+++ Data in this exercise +++

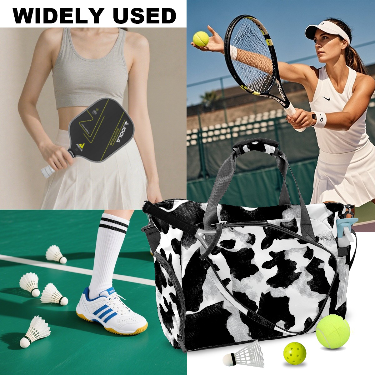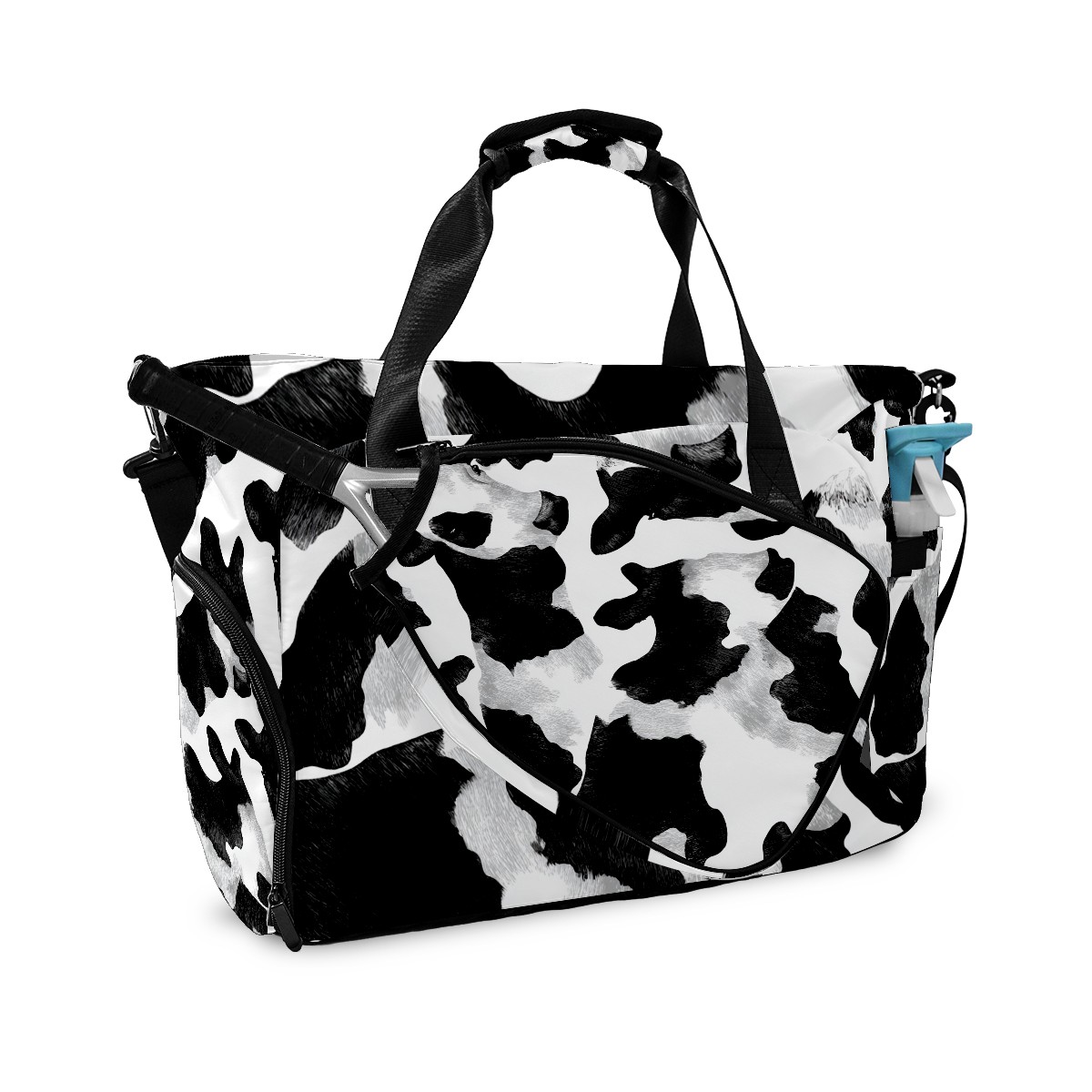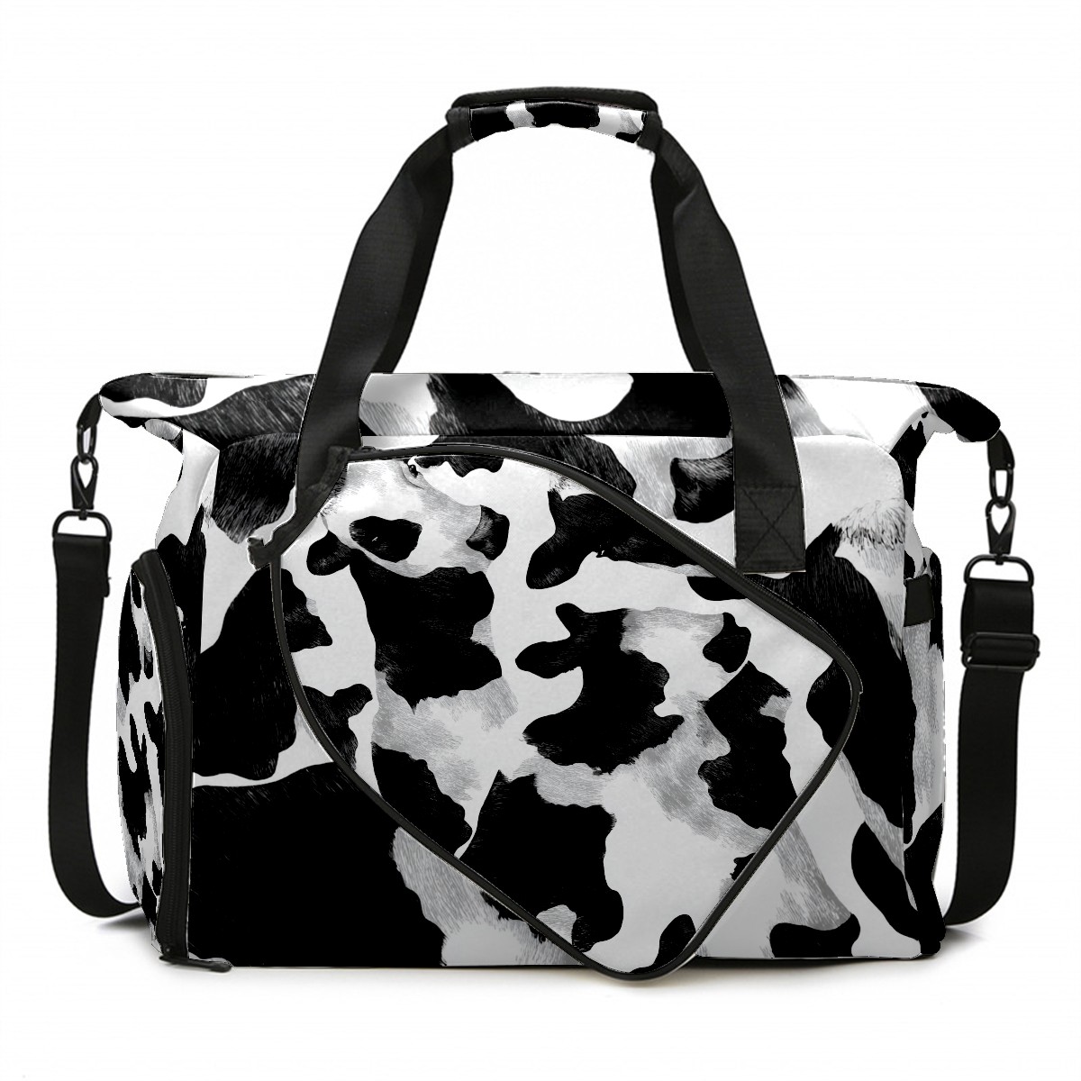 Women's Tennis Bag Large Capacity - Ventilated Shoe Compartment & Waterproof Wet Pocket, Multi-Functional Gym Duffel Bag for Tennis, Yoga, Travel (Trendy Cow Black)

+++
+++ Data in this exercise +++

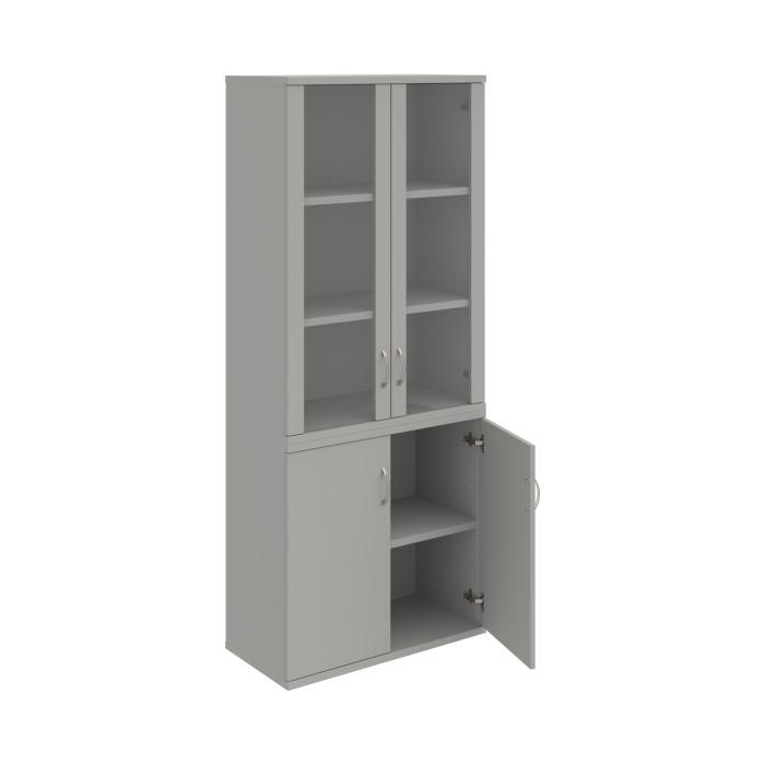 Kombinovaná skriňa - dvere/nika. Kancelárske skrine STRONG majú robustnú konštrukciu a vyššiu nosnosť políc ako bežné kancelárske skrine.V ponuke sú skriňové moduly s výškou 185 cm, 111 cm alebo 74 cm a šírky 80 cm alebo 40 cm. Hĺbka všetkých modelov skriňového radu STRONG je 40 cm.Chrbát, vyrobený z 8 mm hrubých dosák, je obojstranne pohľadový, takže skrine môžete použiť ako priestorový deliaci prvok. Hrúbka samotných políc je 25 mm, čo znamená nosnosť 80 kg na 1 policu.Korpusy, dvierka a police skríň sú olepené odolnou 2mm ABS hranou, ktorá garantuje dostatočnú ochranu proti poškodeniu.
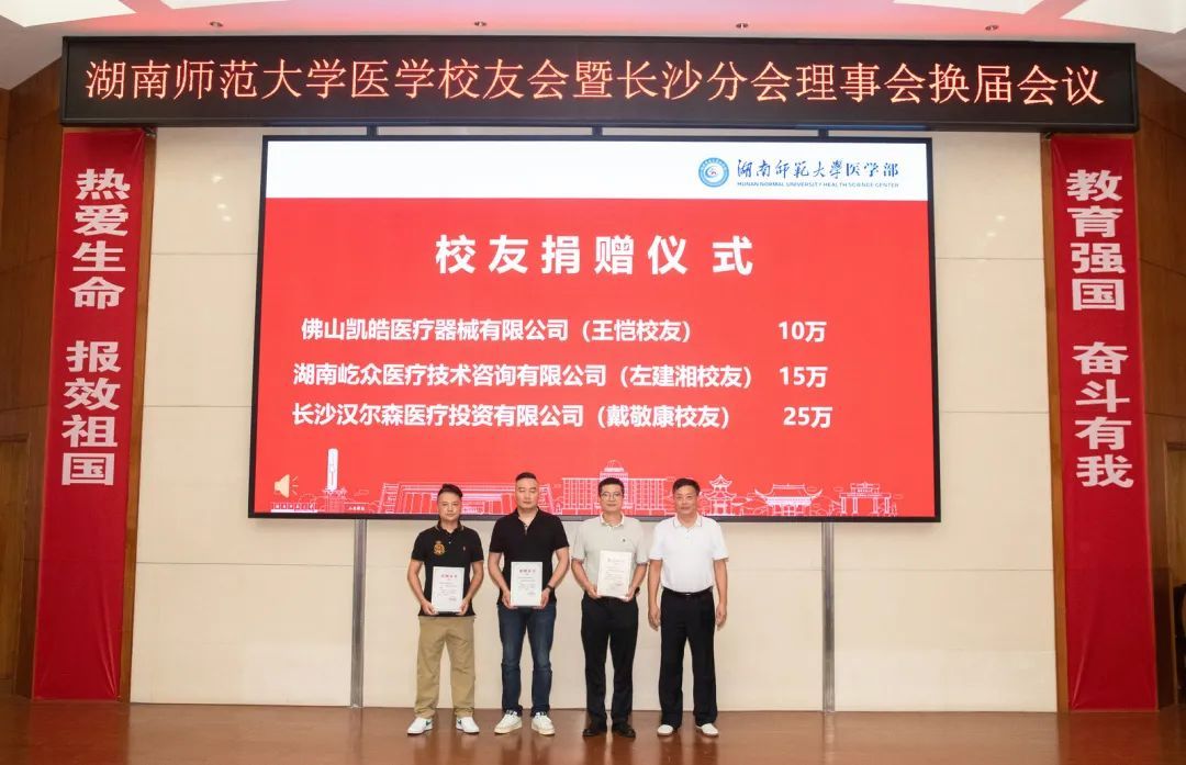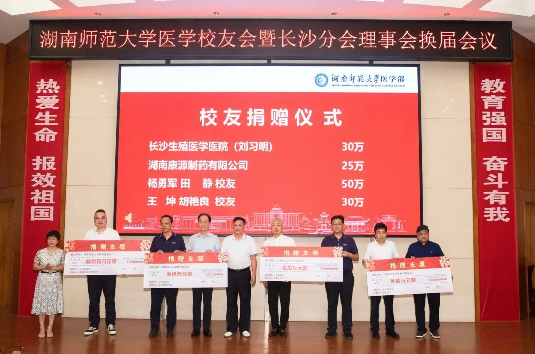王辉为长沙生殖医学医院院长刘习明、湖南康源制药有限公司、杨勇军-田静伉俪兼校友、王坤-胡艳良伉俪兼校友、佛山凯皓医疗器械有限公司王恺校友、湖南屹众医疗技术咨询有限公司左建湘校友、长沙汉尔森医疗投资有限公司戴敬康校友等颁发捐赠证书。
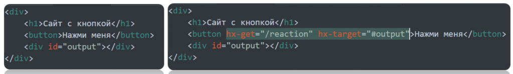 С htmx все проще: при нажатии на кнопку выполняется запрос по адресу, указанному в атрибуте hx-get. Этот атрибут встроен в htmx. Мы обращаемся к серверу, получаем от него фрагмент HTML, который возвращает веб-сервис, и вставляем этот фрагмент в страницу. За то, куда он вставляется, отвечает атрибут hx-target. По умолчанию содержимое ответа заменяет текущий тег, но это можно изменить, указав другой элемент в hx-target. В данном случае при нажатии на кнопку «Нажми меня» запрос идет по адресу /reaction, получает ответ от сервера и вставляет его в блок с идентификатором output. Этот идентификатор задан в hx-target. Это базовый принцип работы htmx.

+++
+++ Data in this exercise +++

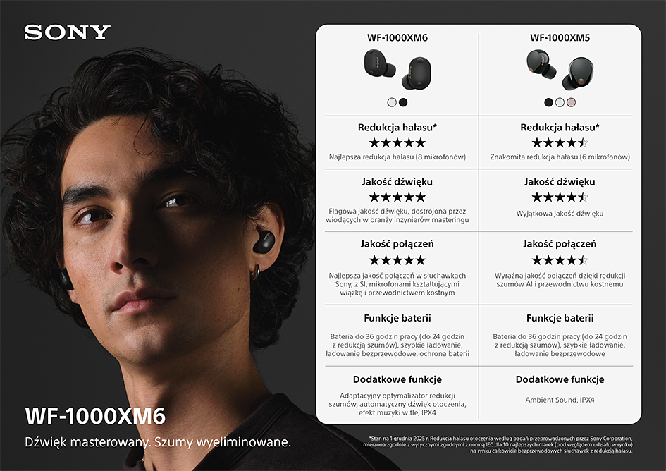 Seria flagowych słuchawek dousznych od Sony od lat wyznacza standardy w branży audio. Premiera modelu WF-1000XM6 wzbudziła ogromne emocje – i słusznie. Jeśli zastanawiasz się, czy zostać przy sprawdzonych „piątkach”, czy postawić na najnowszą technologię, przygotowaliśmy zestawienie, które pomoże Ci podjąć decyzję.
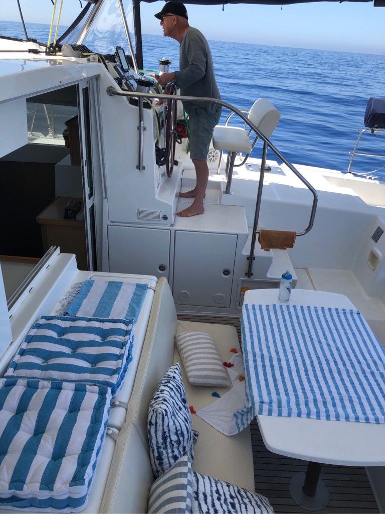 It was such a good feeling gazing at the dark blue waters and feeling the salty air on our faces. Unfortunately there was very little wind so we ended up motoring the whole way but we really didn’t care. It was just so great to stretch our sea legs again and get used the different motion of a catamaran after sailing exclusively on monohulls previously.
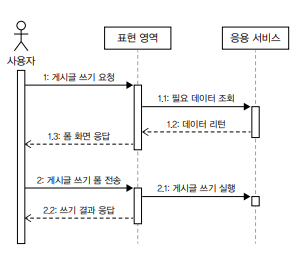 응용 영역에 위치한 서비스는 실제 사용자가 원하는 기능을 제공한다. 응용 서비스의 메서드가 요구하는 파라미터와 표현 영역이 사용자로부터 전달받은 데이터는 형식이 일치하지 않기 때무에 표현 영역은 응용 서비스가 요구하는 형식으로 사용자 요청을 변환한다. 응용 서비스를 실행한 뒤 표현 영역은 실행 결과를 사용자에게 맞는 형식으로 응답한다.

+++

The stretch above running from the line with "It was such" through the line with "응용 영역에 위치한 서비스는" is all you should copy, exactly, leaving out the pictures.

 It was such a good feeling gazing at the dark blue waters and feeling the salty air on our faces. Unfortunately there was very little wind so we ended up motoring the whole way but we really didn’t care. It was just so great to stretch our sea legs again and get used the different motion of a catamaran after sailing exclusively on monohulls previously.
 응용 영역에 위치한 서비스는 실제 사용자가 원하는 기능을 제공한다. 응용 서비스의 메서드가 요구하는 파라미터와 표현 영역이 사용자로부터 전달받은 데이터는 형식이 일치하지 않기 때무에 표현 영역은 응용 서비스가 요구하는 형식으로 사용자 요청을 변환한다. 응용 서비스를 실행한 뒤 표현 영역은 실행 결과를 사용자에게 맞는 형식으로 응답한다.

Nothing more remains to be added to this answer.